5 November 2015 14:51 WIB
Mengatasi kebuntuan riset pangan Indonesia
ilustrasi - Seorang staf peneliti membuat lontong dalam daun (buras) saat pembuatan buras untuk darurat pangan di Laboratorium Fakultas Teknologi Pertanian (Fateta) IPB, Dramaga, Bogor, Jawa Barat, Selasa (10/3/2015). (ANTARA FOTO/Jafkhairi)
Jakarta (ANTARA News) - Direktur Jenderal Penguatan Inovasi  Kementerian Riset Teknologi dan Pendidikan Tinggi Jumain Appe mengungkapkan untuk mengatasi kebuntuan riset pangan di Indonesia diperlukan sinergi antara pihak akademisi, industri, pemerintah dan masyarakat.

"Industri hulu tidak berkembang karena sinergi tidak terjadi," kata Jumain dalam jumpa media Simposium Pangan Nasional 2015 di Jakarta, Kamis.

Sebuah riset pangan akan berkembang bila sesuai dengan kebutuhan masyarakat dan industri. Penelitian yang dibuat tanpa memikirkan apa manfaatnya pada masyarakat bisa jadi hanya mentok sebagai percobaan semata. Selain itu, riset di bidang pangan juga harus sejalan dengan target swasembada pangan pemerintah.

Pihak peneliti baik dari perguruan tinggi maupun industri berperan membuat inovasi pangan yang dapat sukses diaplikasikan oleh masyarakat. 

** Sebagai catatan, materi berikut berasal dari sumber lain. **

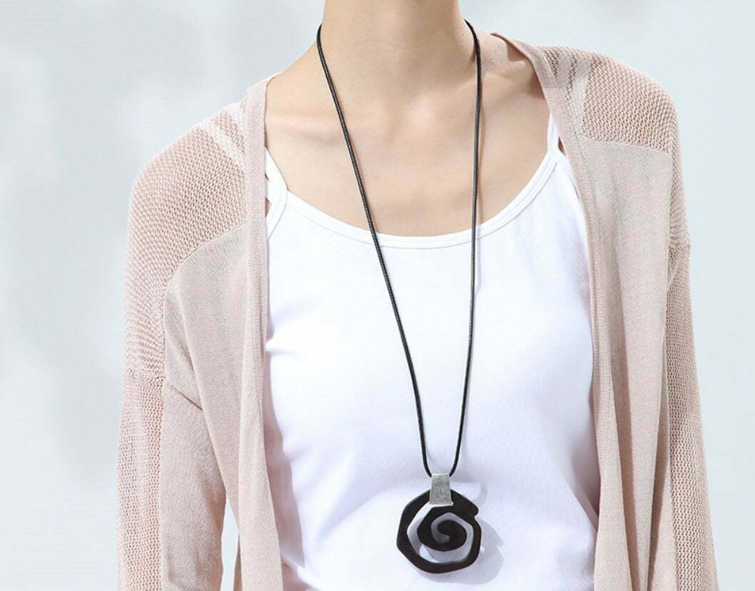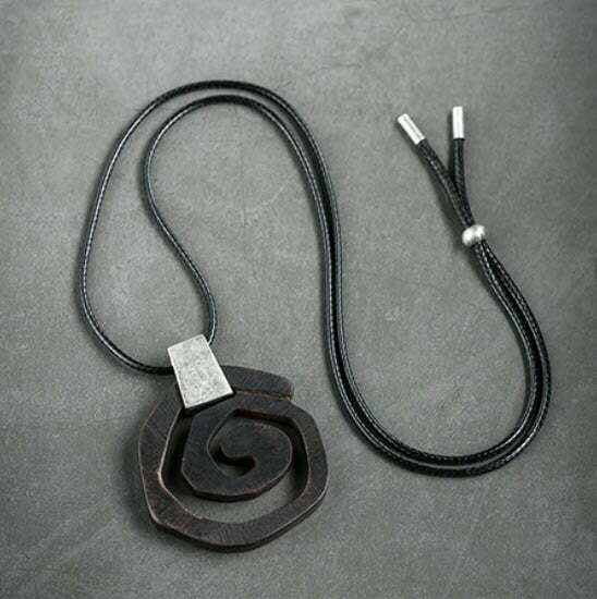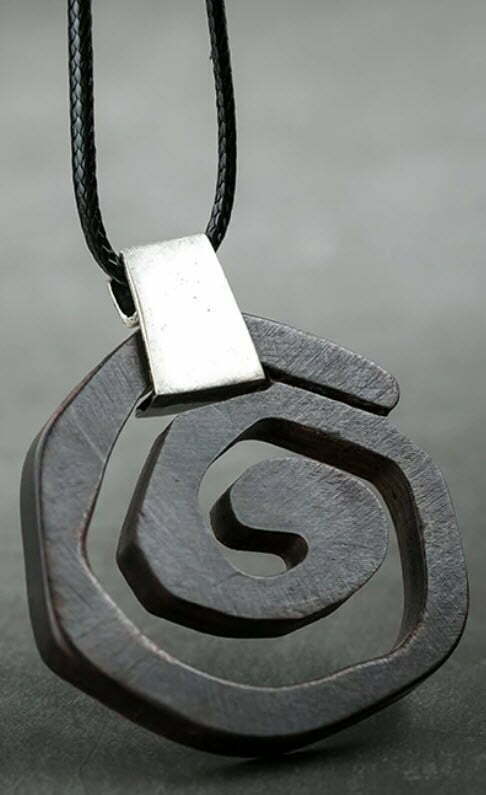 שרשרת ניתנת להארכה וקיצור מעוטרת ספירלה עשויה מגזע עץ אלגם (עץ ריחני ייחודי הגדל בהודו)

Jumain menambahkan setiap penemuan dari para peneliti akan dipatenkan. Peneliti juga mendapat royalti bila hasil risetnya dimanfaatkan oleh masyarakat luas. 

Royalti tersebut diharapkan dapat menambah motivasi peneliti dan institusi untuk terus menciptakan riset yang memajukan teknologi pangan.

Indonesia yang sumber daya alamnya melimpah secara ironis masih bergantung pada negara lain untuk memenuhi kebutuhan pangan. 

Jumain menekankan negara importir seperti Thailand, Vietnam dan Myanmar yang sumber daya alamnya tak sebesar Indonesia dapat sukses karena didukung oleh ilmu pengetahuan dan teknologi yang tak lepas dari riset pangan.

"Peranan penelitian sangat penting untuk mendapatkan teknologi dalam mengolah sumber daya alam kita."